======== GIVEN DATA ========
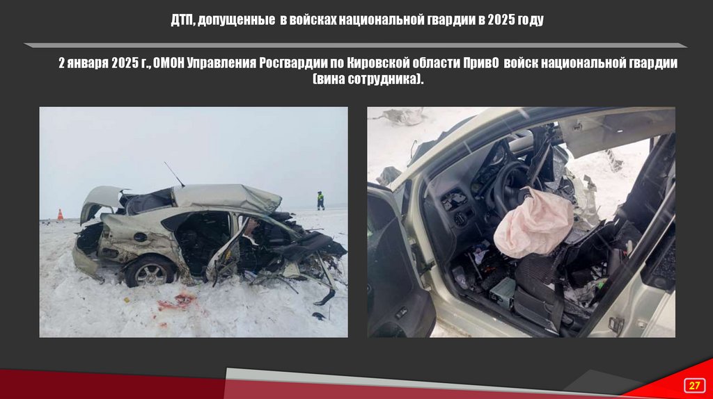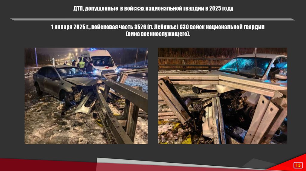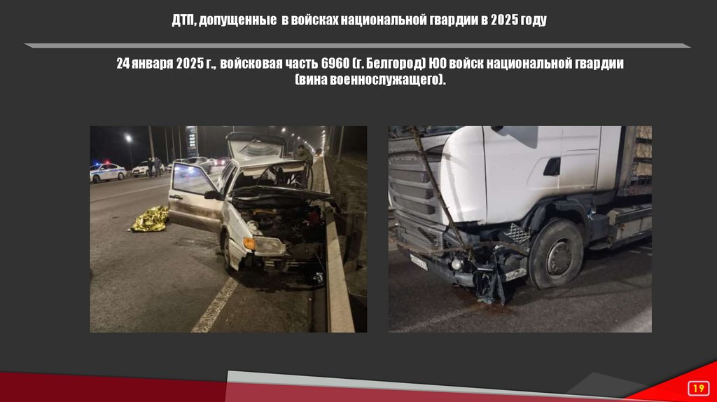 ДТП, допущенные в войсках национальной гвардии в 2025 году24 января 2025 г., войсковая часть 6960 (г. Белгород) ЮО войск национальной гвардии
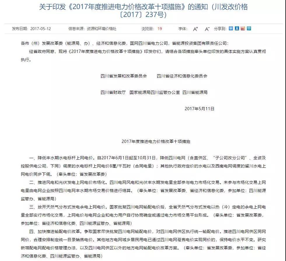 下面是四川省2018年和2017年推進(jìn)電力價(jià)格改革措施的原文件:
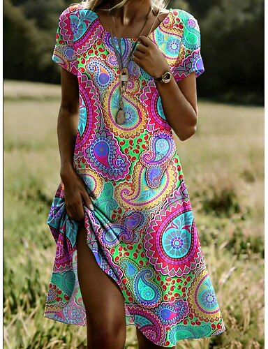 Per donna Abito Midi Vestito Estivo Vestito T-Shirt Abito a trapezio Abito Estivo Vacanza Casual Quotidiano Ferie Uscire Vestibilità comoda Grafico Paisley Tribale Manica Corta Girocollo Viola Fucsia
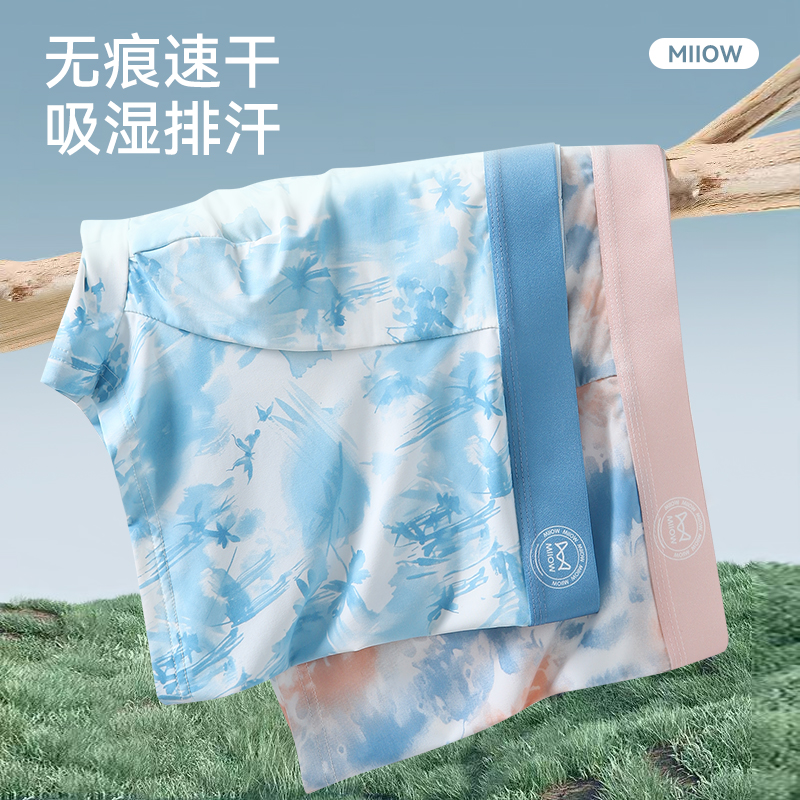 薄款 夏季 透气无痕男生印花2025新款 冰丝平角短裤 猫人男士 男款 内裤
========
YOUR TASK »
Leaving every picture aside, transcribe exactly the lines from the one that contains "Per donna Abito" through the final line of the listing above, inclusive.

RESULT BELOW »
 Per donna Abito Midi Vestito Estivo Vestito T-Shirt Abito a trapezio Abito Estivo Vacanza Casual Quotidiano Ferie Uscire Vestibilità comoda Grafico Paisley Tribale Manica Corta Girocollo Viola Fucsia
 薄款 夏季 透气无痕男生印花2025新款 冰丝平角短裤 猫人男士 男款 内裤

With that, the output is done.